2 replies to this topic

[waliedassar]

In this post i will quickly show you an integer overflow found in OllyDbg v1.10. This leads to a buffer overflow, which can be exploited to execute code arbitrarily.

In brief, all you have to do is set the size of Resource table to 0xFFFFFFF7.

Olly adds 0x9 to 0xFFFFFFF7, which sums up to Zero due to an integer overflow. Zero byte is then allocated by calling the "GlobalAlloc" function. Finally the "_Readmemory" function is called to copy 0xFFFFFFF7 bytes to the newly allocated memory causing a buffer overflow. See the image below.

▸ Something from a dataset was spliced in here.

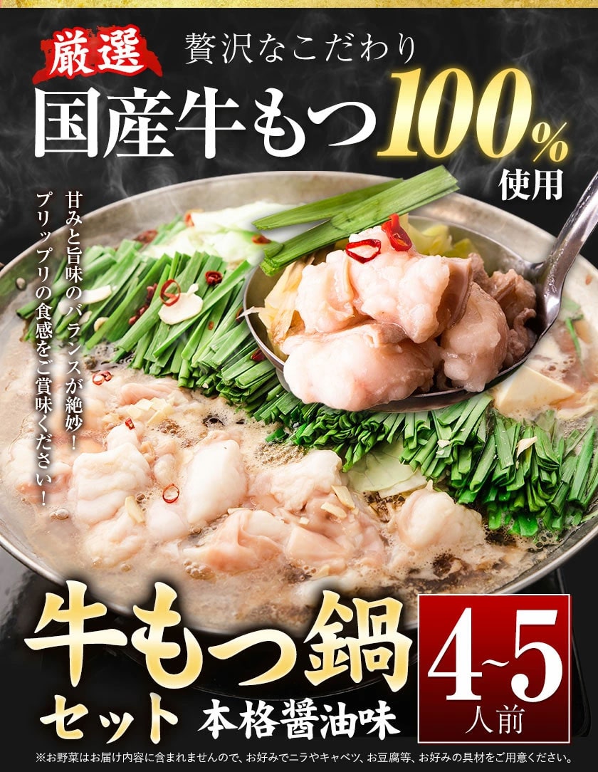 もつ鍋 本格醤油味 4~5人前 送料無料 夏バテ予防 国産 牛 もつ 500g ちゃんぽん麺 付き 醤油 ちゃんぽん 冷凍 博多 福岡 《3-7営業日以内に出荷予定(土日祝日除く)》 -rk_fmotsunabe_u_24_6960_5p

But wait, there is a minor issue that i need to shed some light on. The "_Readmemory" function, as its name implies, is a wrapper of the kernel32.dll "ReadProcessMemory" function. So why did this call succeed if the number of bytes to copy is that huge? the reason behind this is that the "_Readmemory" function checks to see if data at the target address is cached. If it is cached, the "memcpy" function is directly called and this is where the buffer overflow occurs.

Here you can find the demo.
http://ollybugs.goog...m/files/you.exe

[mudlord]

Nice one, I take it Olly2 is patched against this attack?

[waliedassar]

As far as i can see, v2 is not affected by this. The value (with no addition) is directly passed to the "GlobalAlloc" function as a result the function fails.



http://uploadpic.org...?img=rBn8seWhfF

Waliedassar

Edited by waliedassar, 29 March 2012 - 08:44 PM.